Wherever the string "creierul" appears in the records, return the line that holds it.

>>

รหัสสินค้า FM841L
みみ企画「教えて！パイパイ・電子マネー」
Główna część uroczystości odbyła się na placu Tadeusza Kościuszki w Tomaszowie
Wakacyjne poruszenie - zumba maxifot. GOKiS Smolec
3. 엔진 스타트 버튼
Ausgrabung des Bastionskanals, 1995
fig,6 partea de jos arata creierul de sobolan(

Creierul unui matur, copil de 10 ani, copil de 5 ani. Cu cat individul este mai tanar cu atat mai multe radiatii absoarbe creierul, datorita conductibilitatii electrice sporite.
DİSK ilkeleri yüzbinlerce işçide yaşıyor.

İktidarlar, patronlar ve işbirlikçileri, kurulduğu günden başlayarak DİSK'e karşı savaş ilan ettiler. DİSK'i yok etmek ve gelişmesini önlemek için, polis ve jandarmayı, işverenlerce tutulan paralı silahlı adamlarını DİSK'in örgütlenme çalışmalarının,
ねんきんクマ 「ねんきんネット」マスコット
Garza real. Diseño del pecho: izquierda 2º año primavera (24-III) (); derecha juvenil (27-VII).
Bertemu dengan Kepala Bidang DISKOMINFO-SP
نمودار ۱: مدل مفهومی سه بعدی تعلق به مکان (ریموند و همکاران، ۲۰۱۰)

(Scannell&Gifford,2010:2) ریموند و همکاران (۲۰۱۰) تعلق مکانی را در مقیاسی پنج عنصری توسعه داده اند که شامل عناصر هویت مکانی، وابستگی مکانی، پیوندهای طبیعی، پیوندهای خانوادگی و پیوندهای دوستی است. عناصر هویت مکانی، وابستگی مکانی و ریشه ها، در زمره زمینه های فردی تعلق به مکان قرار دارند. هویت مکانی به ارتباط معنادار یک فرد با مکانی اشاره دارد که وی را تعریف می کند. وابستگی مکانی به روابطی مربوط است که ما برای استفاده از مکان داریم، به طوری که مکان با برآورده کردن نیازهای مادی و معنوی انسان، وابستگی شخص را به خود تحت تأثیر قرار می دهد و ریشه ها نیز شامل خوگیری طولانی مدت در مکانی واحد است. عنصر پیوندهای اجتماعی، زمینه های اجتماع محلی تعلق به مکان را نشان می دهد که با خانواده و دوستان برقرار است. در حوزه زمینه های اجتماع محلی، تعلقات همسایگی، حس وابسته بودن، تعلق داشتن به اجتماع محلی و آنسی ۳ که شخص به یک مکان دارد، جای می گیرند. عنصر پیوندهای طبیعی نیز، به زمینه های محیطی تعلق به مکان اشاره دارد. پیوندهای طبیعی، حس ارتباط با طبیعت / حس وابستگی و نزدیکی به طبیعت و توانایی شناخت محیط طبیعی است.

<<

*Your solution*:
fig,6 partea de jos arata creierul de sobolan(
Creierul unui matur, copil de 10 ani, copil de 5 ani. Cu cat individul este mai tanar cu atat mai multe radiatii absoarbe creierul, datorita conductibilitatii electrice sporite.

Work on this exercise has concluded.